PROVIDED RECORDS:

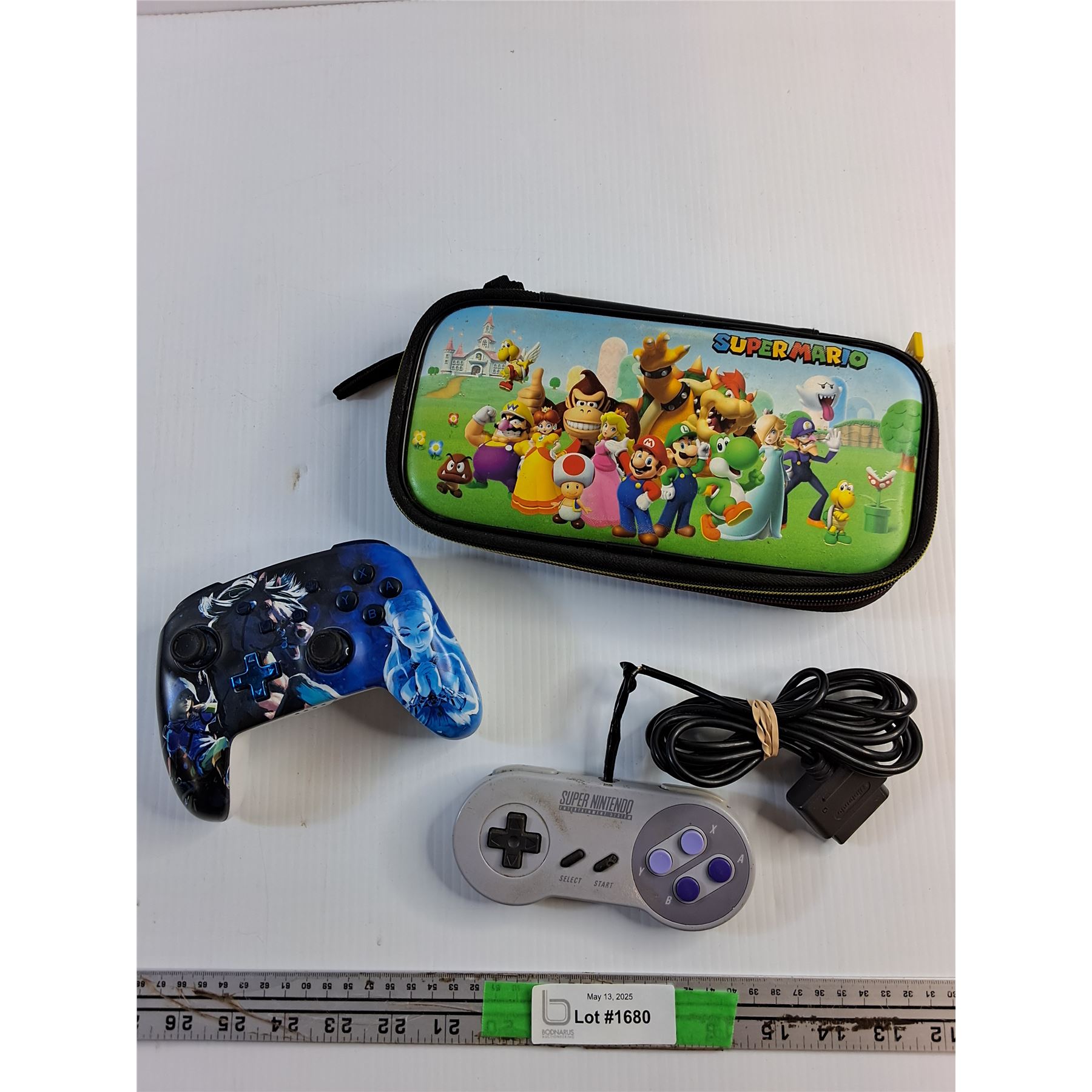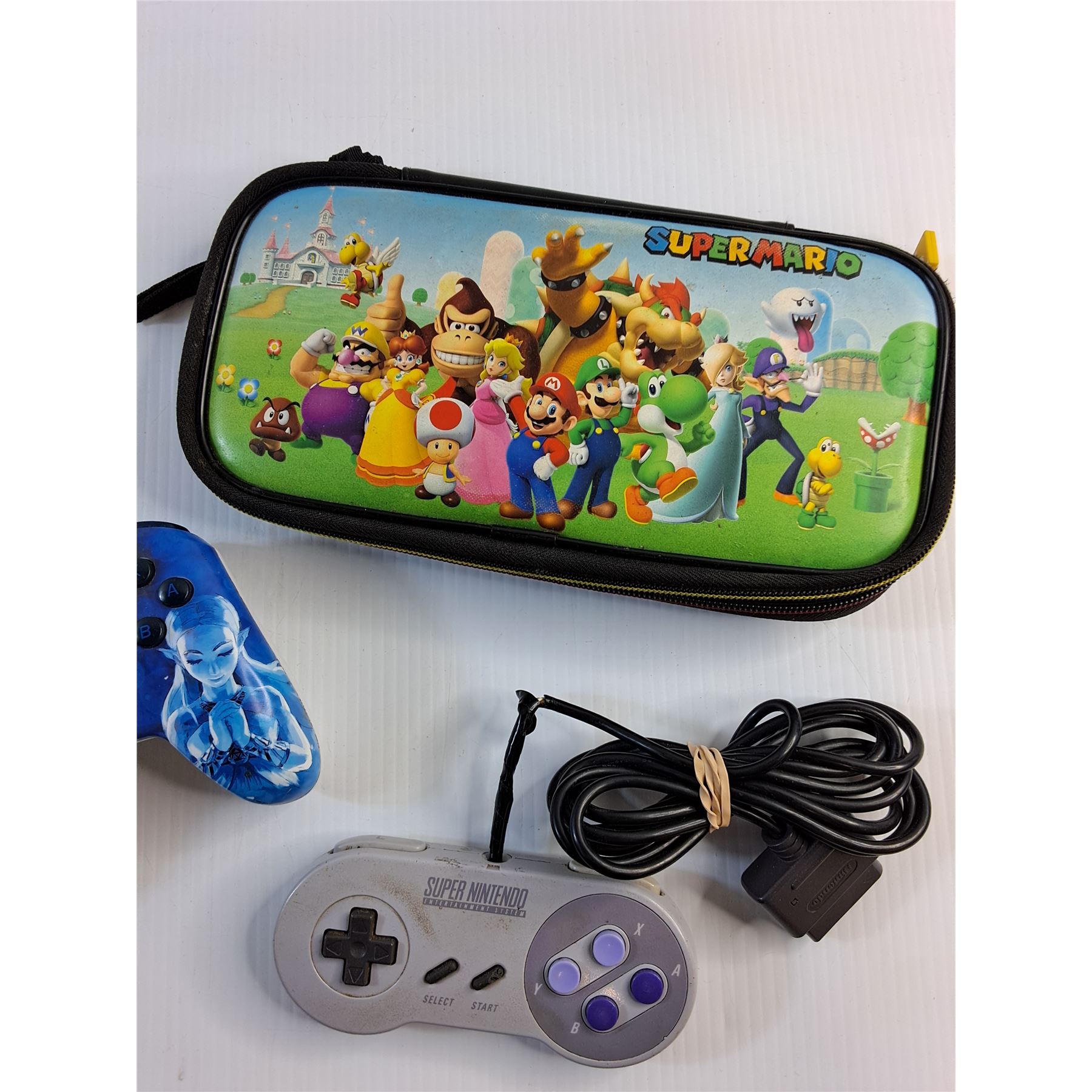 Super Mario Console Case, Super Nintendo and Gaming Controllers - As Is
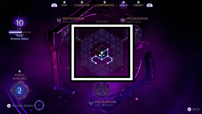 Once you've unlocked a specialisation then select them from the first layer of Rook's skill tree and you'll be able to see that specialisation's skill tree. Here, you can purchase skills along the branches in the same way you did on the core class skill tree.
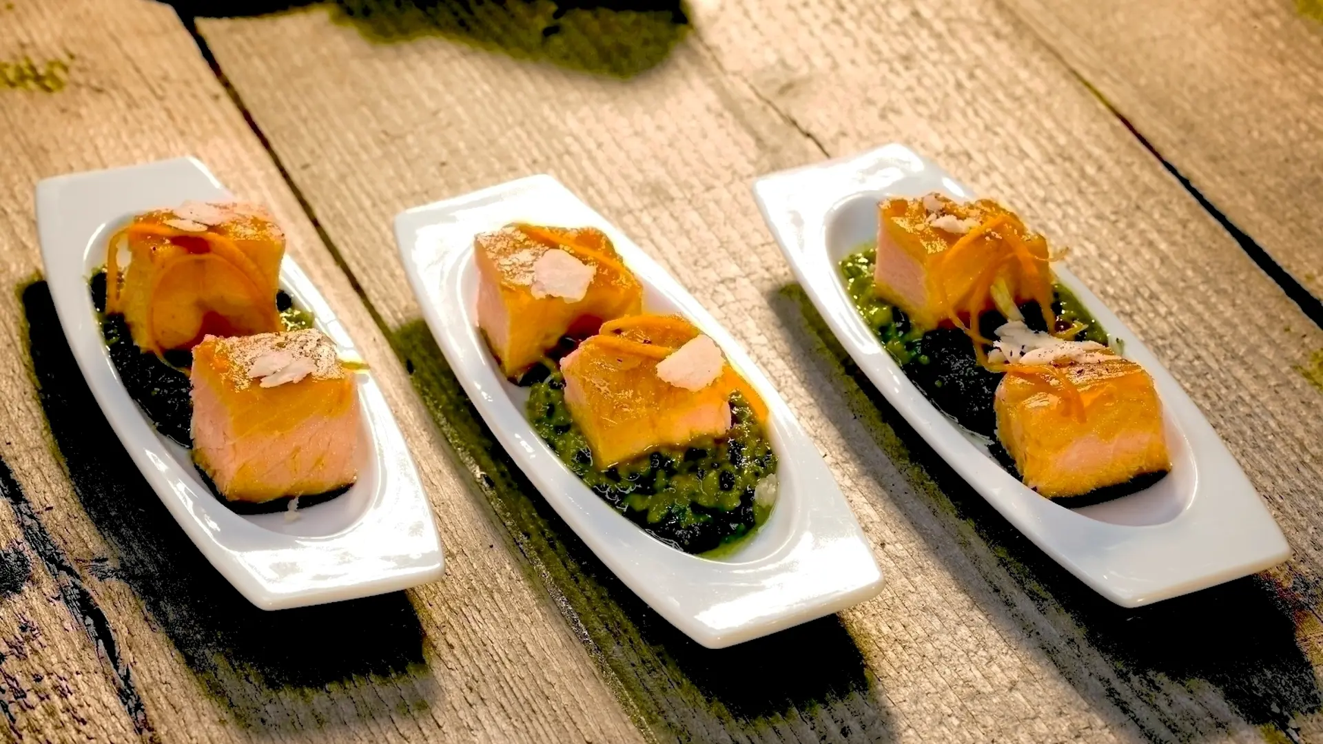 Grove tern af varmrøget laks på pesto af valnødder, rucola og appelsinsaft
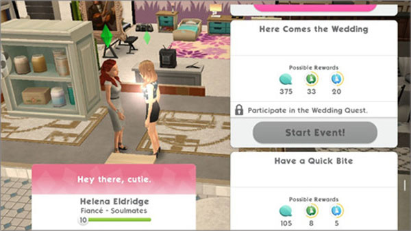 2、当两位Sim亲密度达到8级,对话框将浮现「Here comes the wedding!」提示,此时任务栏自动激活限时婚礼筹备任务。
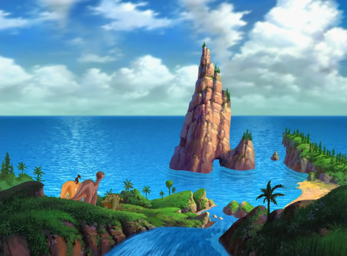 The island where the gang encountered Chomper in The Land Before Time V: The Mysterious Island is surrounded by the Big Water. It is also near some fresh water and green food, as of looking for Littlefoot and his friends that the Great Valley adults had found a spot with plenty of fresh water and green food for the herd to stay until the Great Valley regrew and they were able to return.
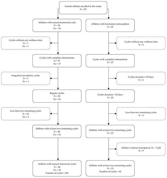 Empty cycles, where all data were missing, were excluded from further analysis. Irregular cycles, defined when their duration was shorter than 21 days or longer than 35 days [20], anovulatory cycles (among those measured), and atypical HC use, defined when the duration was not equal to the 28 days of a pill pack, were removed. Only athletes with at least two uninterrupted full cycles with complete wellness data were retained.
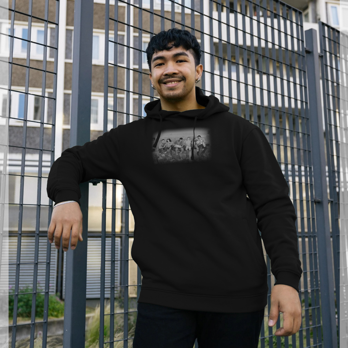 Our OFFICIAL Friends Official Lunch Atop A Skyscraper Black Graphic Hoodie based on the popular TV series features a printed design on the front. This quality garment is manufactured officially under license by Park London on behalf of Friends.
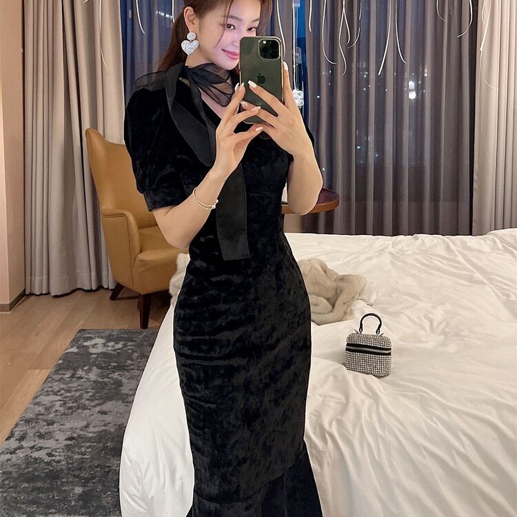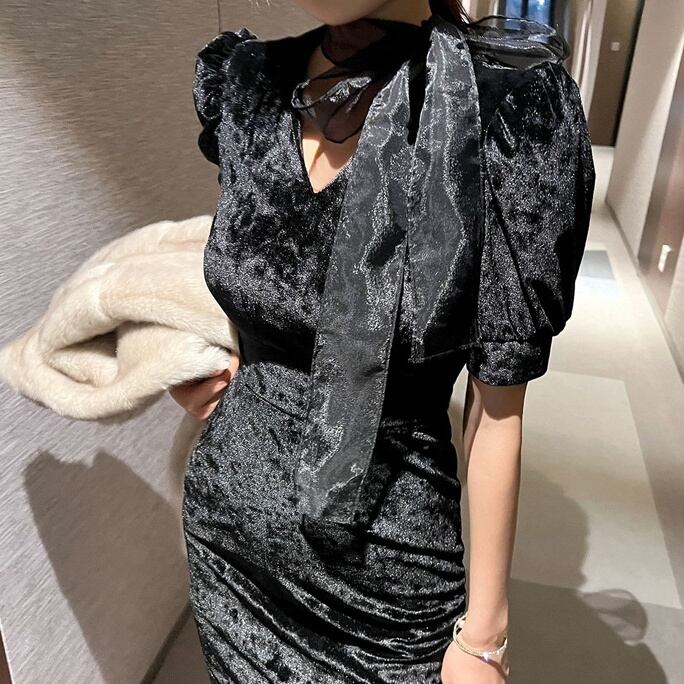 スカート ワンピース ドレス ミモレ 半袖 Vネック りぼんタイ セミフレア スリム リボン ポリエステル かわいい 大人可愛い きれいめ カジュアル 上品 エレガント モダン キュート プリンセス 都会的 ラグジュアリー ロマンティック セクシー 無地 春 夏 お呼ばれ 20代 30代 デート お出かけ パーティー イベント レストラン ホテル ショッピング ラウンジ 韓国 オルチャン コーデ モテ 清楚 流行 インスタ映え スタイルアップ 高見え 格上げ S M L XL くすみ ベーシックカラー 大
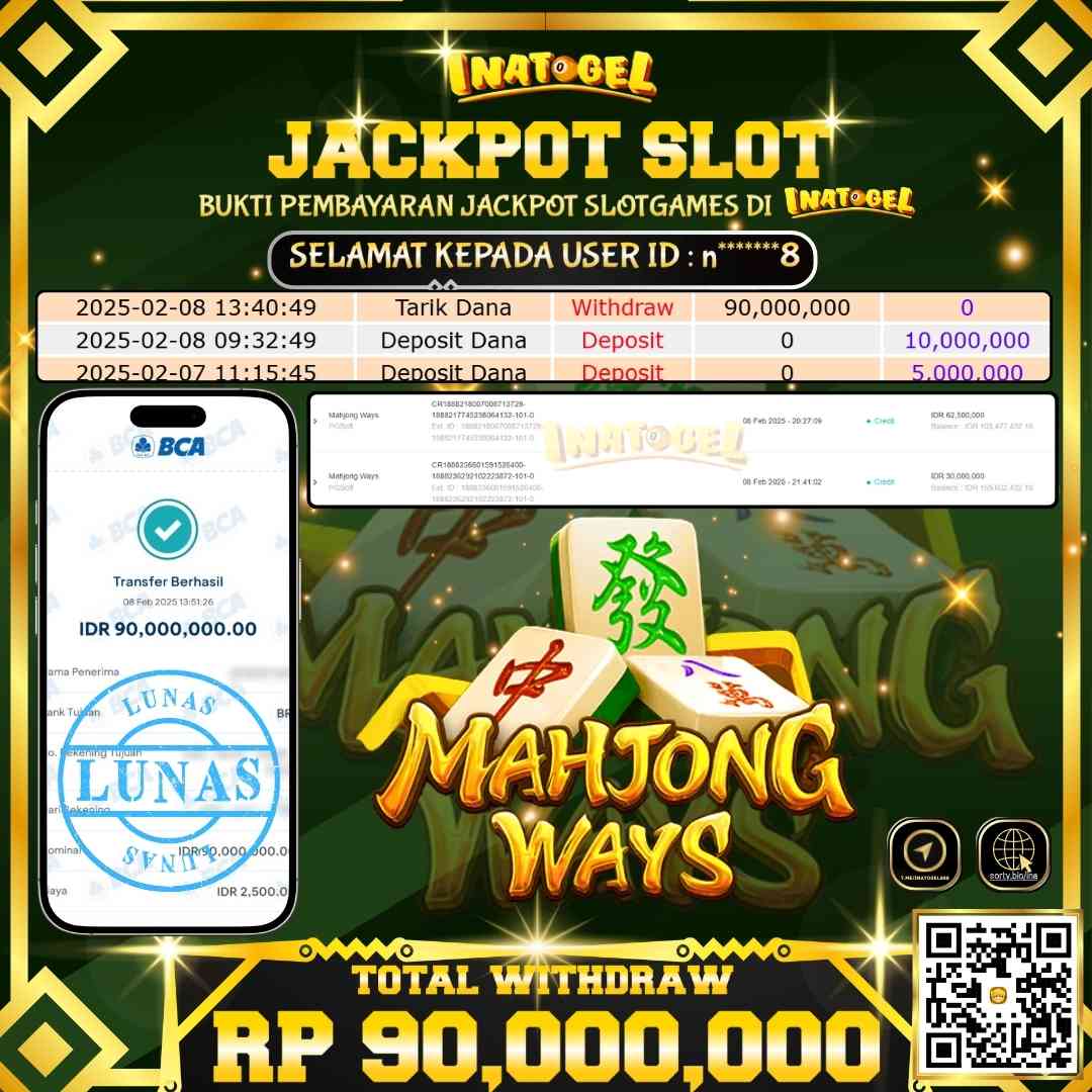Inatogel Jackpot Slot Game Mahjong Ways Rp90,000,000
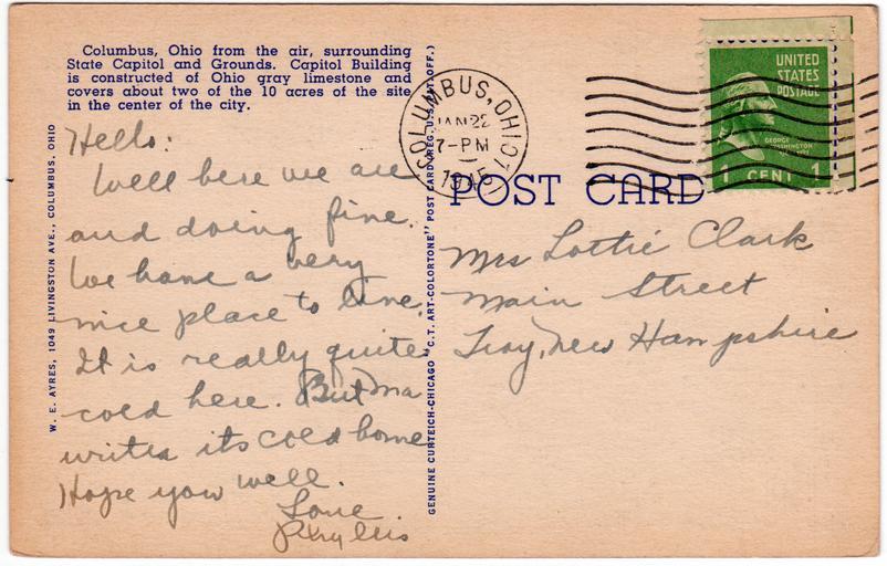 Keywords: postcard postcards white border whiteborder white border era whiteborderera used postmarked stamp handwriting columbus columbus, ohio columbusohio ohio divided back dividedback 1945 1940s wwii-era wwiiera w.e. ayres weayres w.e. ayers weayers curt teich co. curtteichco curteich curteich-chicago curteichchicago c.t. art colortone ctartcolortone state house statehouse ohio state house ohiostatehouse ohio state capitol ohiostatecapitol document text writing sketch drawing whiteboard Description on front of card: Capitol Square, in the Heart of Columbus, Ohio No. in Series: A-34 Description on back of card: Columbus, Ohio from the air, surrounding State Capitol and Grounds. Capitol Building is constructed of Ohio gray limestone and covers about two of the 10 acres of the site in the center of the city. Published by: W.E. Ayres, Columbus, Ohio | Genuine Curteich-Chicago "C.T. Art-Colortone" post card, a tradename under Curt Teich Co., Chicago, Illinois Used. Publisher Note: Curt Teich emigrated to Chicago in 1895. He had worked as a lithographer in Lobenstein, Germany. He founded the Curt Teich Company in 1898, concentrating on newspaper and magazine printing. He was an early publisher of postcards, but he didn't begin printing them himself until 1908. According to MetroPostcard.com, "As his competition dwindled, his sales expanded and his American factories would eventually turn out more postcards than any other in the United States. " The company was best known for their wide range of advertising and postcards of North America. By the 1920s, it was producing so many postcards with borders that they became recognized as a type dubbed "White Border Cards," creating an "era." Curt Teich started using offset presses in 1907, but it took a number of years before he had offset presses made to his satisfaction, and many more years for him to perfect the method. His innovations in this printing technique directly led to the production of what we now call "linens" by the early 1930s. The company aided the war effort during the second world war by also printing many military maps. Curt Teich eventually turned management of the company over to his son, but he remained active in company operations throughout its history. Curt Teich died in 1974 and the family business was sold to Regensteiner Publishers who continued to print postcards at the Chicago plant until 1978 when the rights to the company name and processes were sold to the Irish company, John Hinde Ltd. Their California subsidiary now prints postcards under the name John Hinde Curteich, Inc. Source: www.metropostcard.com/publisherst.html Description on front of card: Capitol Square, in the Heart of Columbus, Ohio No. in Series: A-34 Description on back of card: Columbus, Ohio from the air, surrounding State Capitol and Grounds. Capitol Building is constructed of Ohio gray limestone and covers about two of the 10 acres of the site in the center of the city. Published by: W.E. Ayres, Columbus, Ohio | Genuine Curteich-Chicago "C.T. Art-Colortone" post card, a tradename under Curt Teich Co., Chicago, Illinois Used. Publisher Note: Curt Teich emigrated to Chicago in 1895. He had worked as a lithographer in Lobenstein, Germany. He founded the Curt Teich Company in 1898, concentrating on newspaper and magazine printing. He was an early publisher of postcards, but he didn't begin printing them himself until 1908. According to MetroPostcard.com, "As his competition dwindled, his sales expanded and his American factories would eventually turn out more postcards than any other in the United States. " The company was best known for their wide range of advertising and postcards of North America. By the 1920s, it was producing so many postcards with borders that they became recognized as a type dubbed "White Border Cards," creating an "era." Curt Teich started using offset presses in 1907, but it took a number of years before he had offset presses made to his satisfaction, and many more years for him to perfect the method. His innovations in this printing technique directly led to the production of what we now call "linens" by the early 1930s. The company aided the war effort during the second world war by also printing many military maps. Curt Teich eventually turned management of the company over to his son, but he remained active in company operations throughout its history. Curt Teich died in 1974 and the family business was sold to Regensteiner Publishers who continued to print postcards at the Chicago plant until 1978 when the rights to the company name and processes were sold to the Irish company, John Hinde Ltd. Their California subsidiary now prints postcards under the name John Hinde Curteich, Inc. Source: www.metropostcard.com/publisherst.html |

WORK TO COMPLETE:
Copy only the lines above from the one containing "Our OFFICIAL Friends" through the one containing "Inatogel Jackpot Slot", both included. Leave out the pictures.

ANSWER TO THIS PROBLEM:
 Our OFFICIAL Friends Official Lunch Atop A Skyscraper Black Graphic Hoodie based on the popular TV series features a printed design on the front. This quality garment is manufactured officially under license by Park London on behalf of Friends.
 スカート ワンピース ドレス ミモレ 半袖 Vネック りぼんタイ セミフレア スリム リボン ポリエステル かわいい 大人可愛い きれいめ カジュアル 上品 エレガント モダン キュート プリンセス 都会的 ラグジュアリー ロマンティック セクシー 無地 春 夏 お呼ばれ 20代 30代 デート お出かけ パーティー イベント レストラン ホテル ショッピング ラウンジ 韓国 オルチャン コーデ モテ 清楚 流行 インスタ映え スタイルアップ 高見え 格上げ S M L XL くすみ ベーシックカラー 大
Inatogel Jackpot Slot Game Mahjong Ways Rp90,000,000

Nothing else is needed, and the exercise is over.